Les coûts indirects: la partie cachée de l'iceberg 

Au-delà des dépenses officielles enregistrées, les coûts indirects liés à la présence des réfugiés syriens au Liban pèsent lourdement sur le quotidien des Libanais. Cette pression invisible, mais bien réelle, se manifeste dans plusieurs secteurs essentiels.

Les services publics (santé, éducation, eau et énergie) font face à une surcharge chronique. L'afflux massif de population a engendré une demande accrue qui dépasse largement les capacités déjà limitées des infrastructures existantes.

Sur le marché du travail, la situation est tout aussi tendue. L’arrivée de centaines de milliers de Syriens a intensifié la concurrence, notamment dans le secteur informel où de nombreux Libanais emploient des réfugiés sans papiers, souvent pour des salaires très bas. Cela contribue à tirer les rémunérations vers le bas et accentue le sentiment de précarité.

L’impact se fait également sentir dans le coût de la vie. La demande soutenue en logements, carburant et produits de première nécessité a provoqué une flambée des prix, rendant la vie quotidienne de plus en plus difficile pour les ménages libanais.

Ces pressions économiques s’accompagnent de tensions sociales croissantes, nourries par des frustrations économiques et des disparités qui ne cessent de s’accentuer. La population syrienne ayant presque doublé en l’espace d’une décennie, les ressources naturelles sont surexploitées, et l’environnement en subit les conséquences.

Selon certaines estimations élargies, si l’on additionne les coûts directs et indirects, la facture globale peut atteindre entre 7 et 8% du PIB libanais chaque année, soit plusieurs milliards de dollars que le Liban, en crise profonde, peut difficilement se permettre d’absorber.
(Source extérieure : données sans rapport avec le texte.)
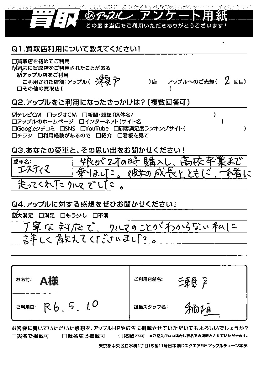 彼女の成長とともに、一緒に走ってくれたクルマでした。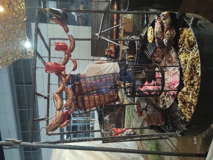 - "A large, rotating grill with meat and vegetables, including sausages, peppers, eggplant, steaks, and onions, is being used" by FM-pTpdg1, licensed under CC BY 4.0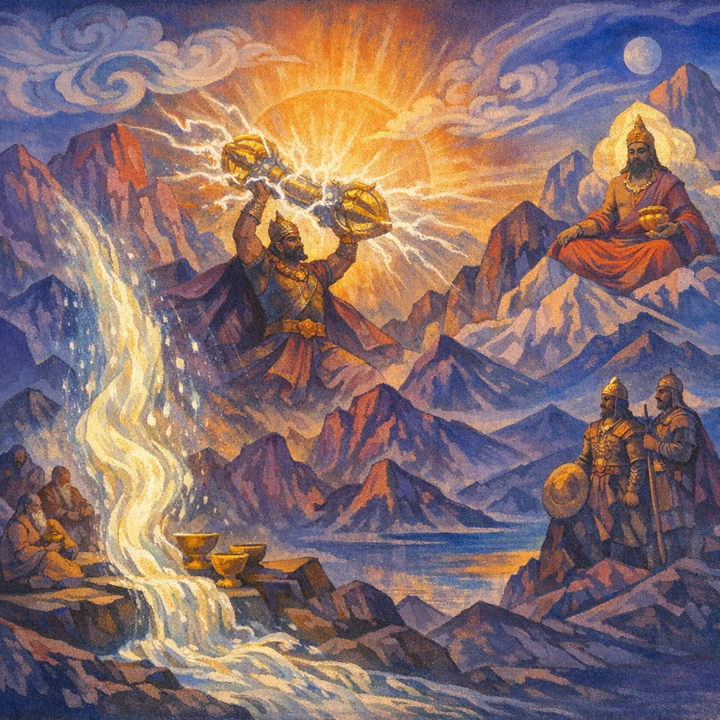 This short Pavamāna hymn celebrates Soma as he is purified and made fit for offering, growing in might through “right-doing” and surging forth with invigorating power. It highlights Soma’s capacity to generate Indra’s heroic energy (indriya) and even the thunderbolt-like force that arises when praise is born, while also portraying Soma as a bestower of wealth and victory in contests.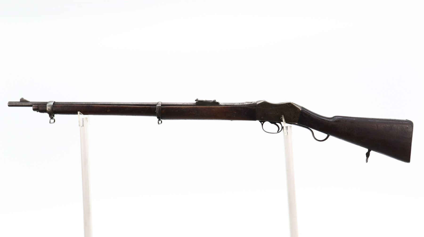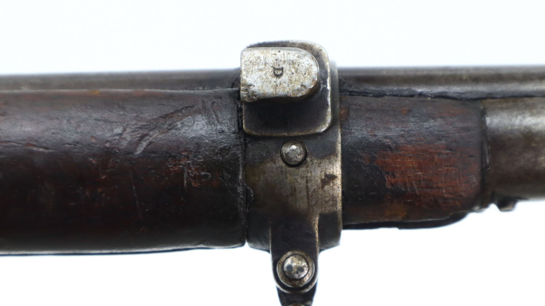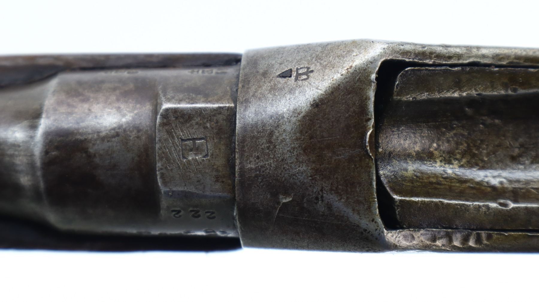 6/10, KHYBER PASS MARTINI ENFIELD, MODEL: MKII, CALIBER:303 BR, BORE IS POOR, VERY WORN, PITTED. THIS RIFLE IS A KHYBER PASS COPY OF A BRITISH ENFIELD RIFLE. NOTE: SEE A GUNSMITH BEFORE FIRING. BLADE FRONT SIGHT WITH RAMP, ADJUSTABLE U NOTCHED REAR SIGHT, VARIOUS IMPROPER COPY BRITISH PROOF MARKS INCLUDING ENFIELD STAMPED UPSIDE DOWN THREE TIMES IN A ROW ON LEFT SIDE OF RECEIVER. TWO PIECE FULL MILITARY WOOD STOCKS, STRAIGHT GRIP, SMOOTH STEEL BUTT PLATE, THREE SLING SWIVELS, NO CLEANING ROD. METAL FINISH TURNING SILVER GREY WITH LIGHT PITTING, RUST SPECKLES, HANDLING MARKS AND WEAR. STOCKS SHOW MARKS, SCRATCHES AND WEAR. , ACTION: SINGLE SHOT DROP BLOCK RIFLE, BARREL LENGTH: 30", SERIAL # 222, CONDITION: 6/10, CLASS: CANADIAN NON RESTRICTED
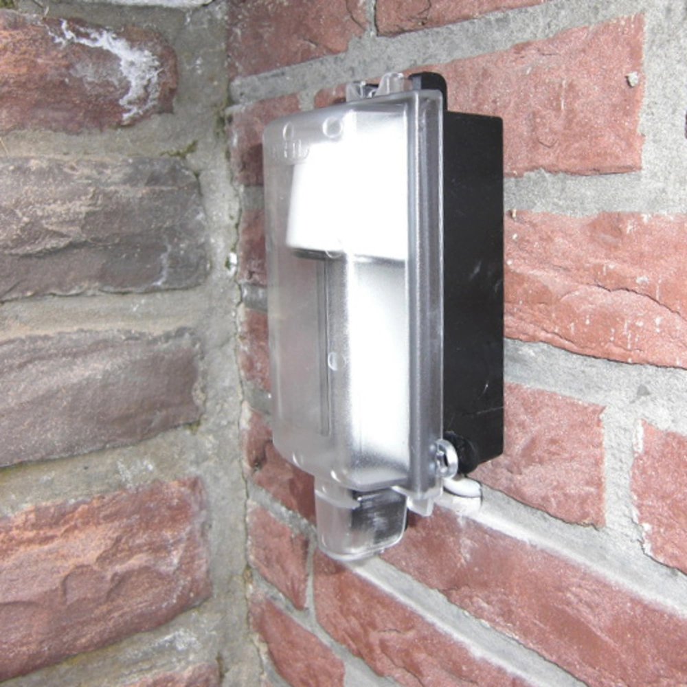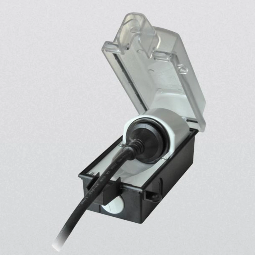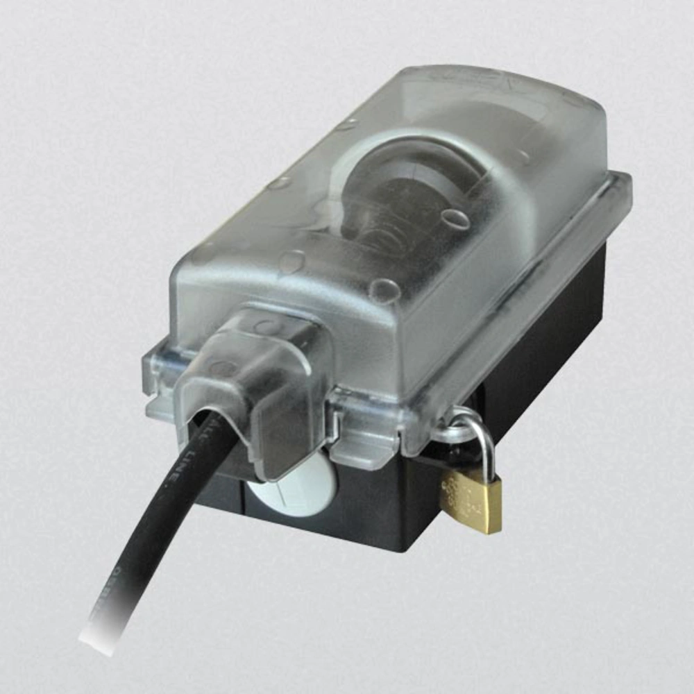 Lockable outdoor socket outlet with increased contact protection, suitable for use in the garden, cellar or garage. The socket outlet for straight plugs is designed exclusively for wall mounting and features a transparent, impact-resistant plastic cover with all-round seal and a tab for a padlock to prevent unauthorised power extraction.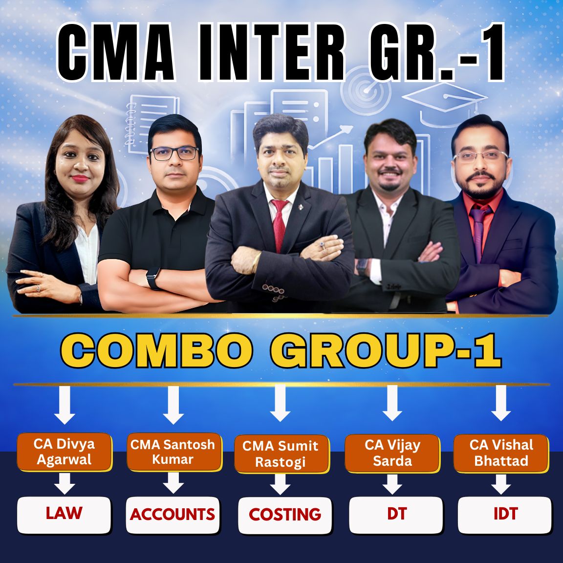 CMA Inter Group-1 Full Course (Combo) By CMA Sumit Rastogi, CMA Santosh Kumar, CA Divya Agarwal, Prof. Vinit Kumar
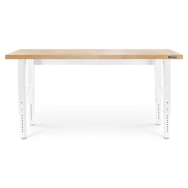 Built to perform wherever you need it, this 6-ft wide workbench features a solid hardwood top with a 3,000 lb max distributed weight capacity. The heavy-duty welded steel legs feature a hammered white finish and adjust easily to provide the proper working height for any project.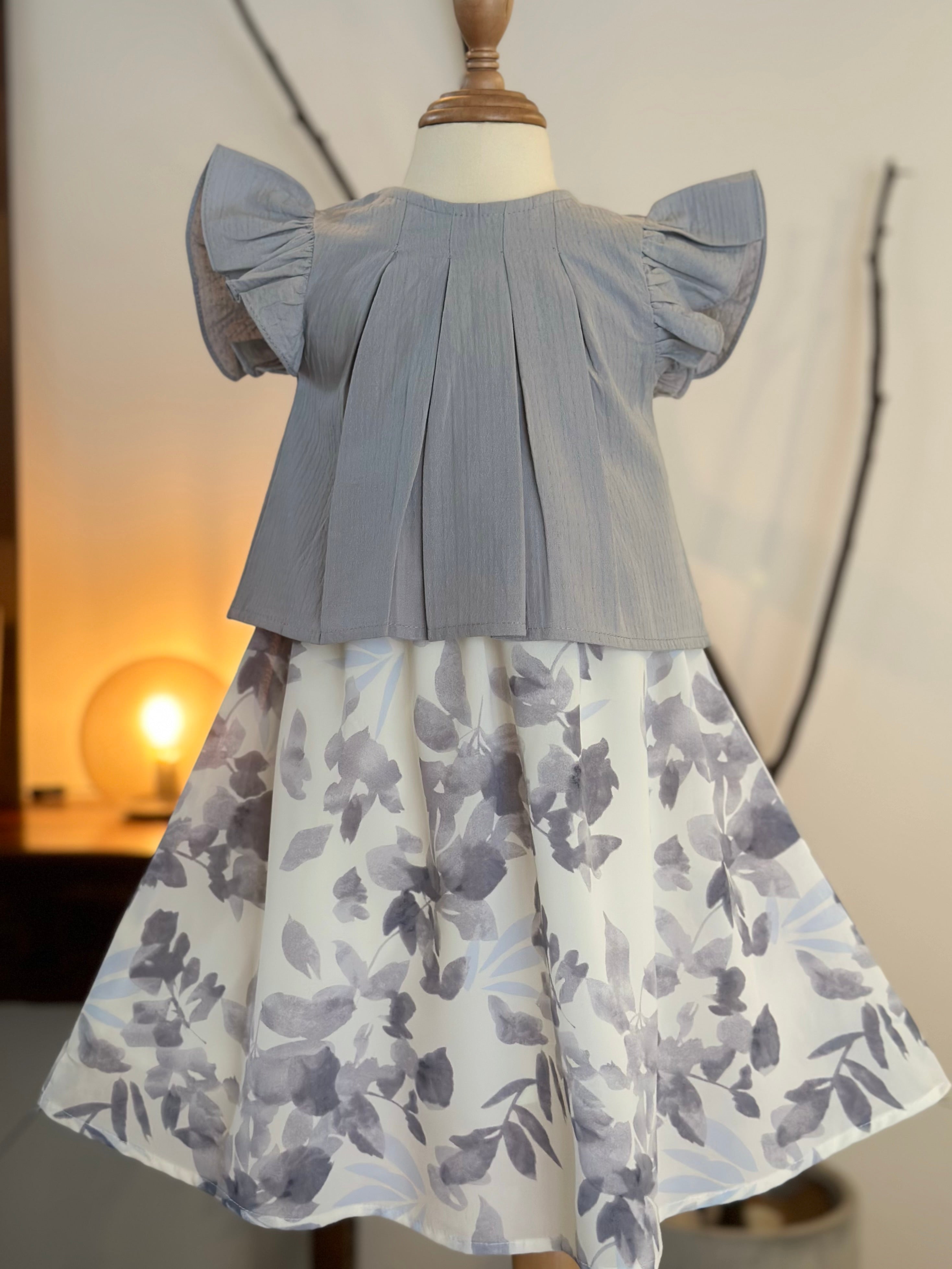 This set features a stylish top made of 100% cotton, delicately embroidered in an elegant ash grey color. It also includes a smooth satin bottom with grey floral prints on a white background, fully lined for added comfort and coverage. The top is complemented with real mother of pearl buttons for a touch of luxury.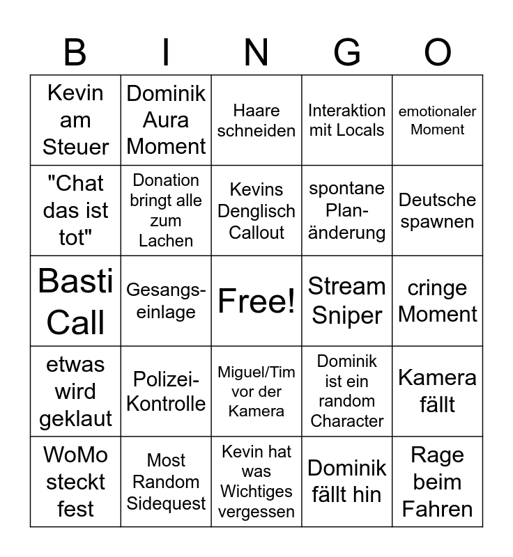 This bingo card has a free space and 24 words: Polizei-Kontrolle, Most Random Sidequest, Kevins Denglisch Callout, WoMo steckt fest, emotionaler Moment, Kevin am Steuer, "Chat das ist tot", Dominik Aura Moment, Stream Sniper, Miguel/Tim vor der Kamera, spontane Plan-änderung, Basti Call, Dominik ist ein random Character, Kamera fällt, Donation bringt alle zum Lachen, Dominik fällt hin, cringe Moment, Haare schneiden, Deutsche spawnen, Gesangs-einlage, Rage beim Fahren, etwas wird geklaut, Interaktion mit Locals and Kevin hat was Wichtiges vergessen.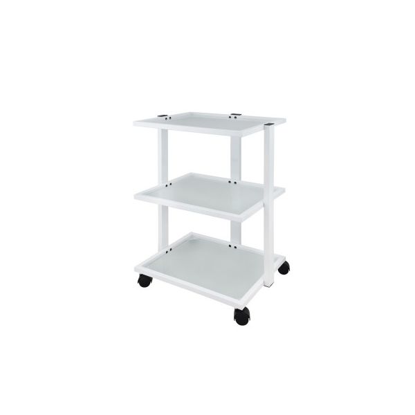 De werkwagen ‘Facile’ is een professionele en praktische mobiele werkwagen. De beauty trolley is voorzien van een eenvoudig design met drie melkglazen platen met genoeg ruimte voor al jouw producten, materialen en apparaten. De platen zijn makkelijk afneembaar en de werkwagen past binnen ieder interieur. Het gat in het frame biedt plaats voor het plaatsen van een loeplamp. Dankzij de vier wielen is de werkwagen makkelijk te verplaatsen in jouw salon of praktijk.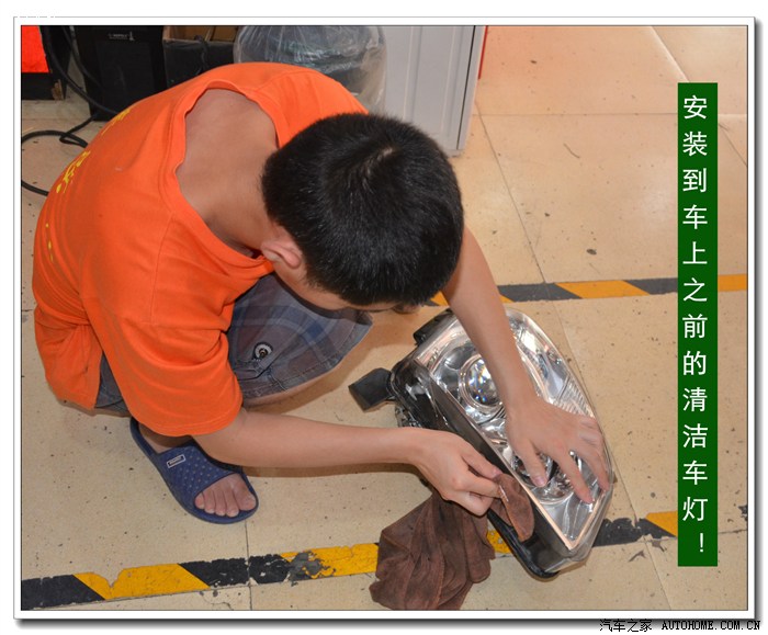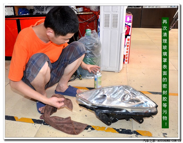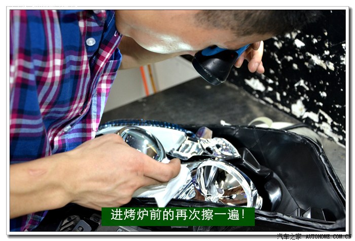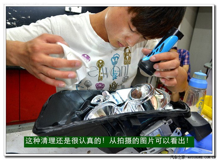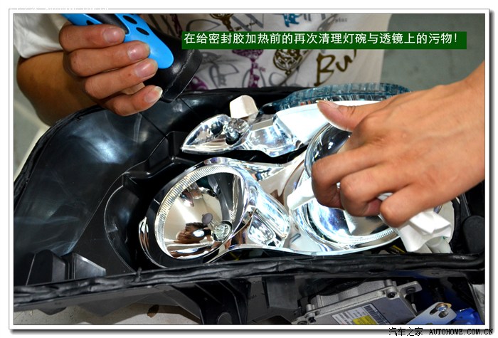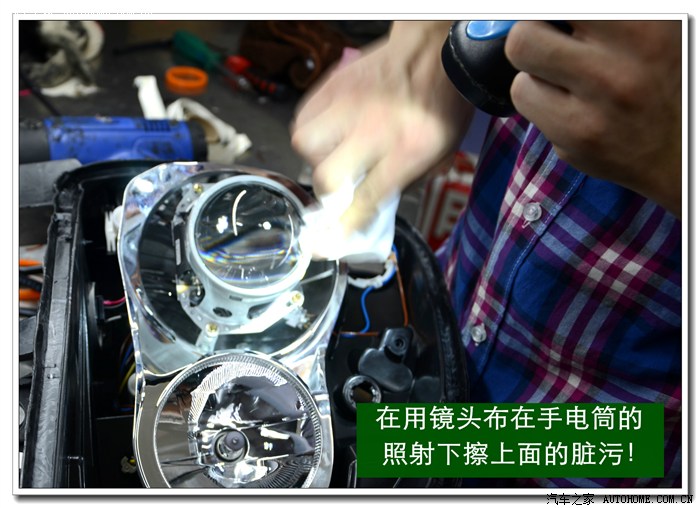 10、用镜头布粘上无水乙醇清洁大灯的玻璃罩、灯碗、透镜里面的污物,清洁时应该用手电筒灯光照射的擦拭;如果需要安装天使眼的可以在此工序之前安装。

Le dernier rapport de la Banque mondiale souligne la nécessité urgente d’un partage du fardeau plus équitable avec la communauté internationale, et d’un soutien renforcé aux institutions libanaises. Il appelle également à une gestion plus rigoureuse et transparente des aides, tant humanitaires qu’économiques.

Finalement, le Liban fait l’aumône pour financer une crise qu’il n’a pas créée. Notre pays mérite un tant soit peu de reconnaissance et surtout… un peu de répit. En attendant, il devra continuer à jongler entre ses propres crises internes… et celles de ses voisins.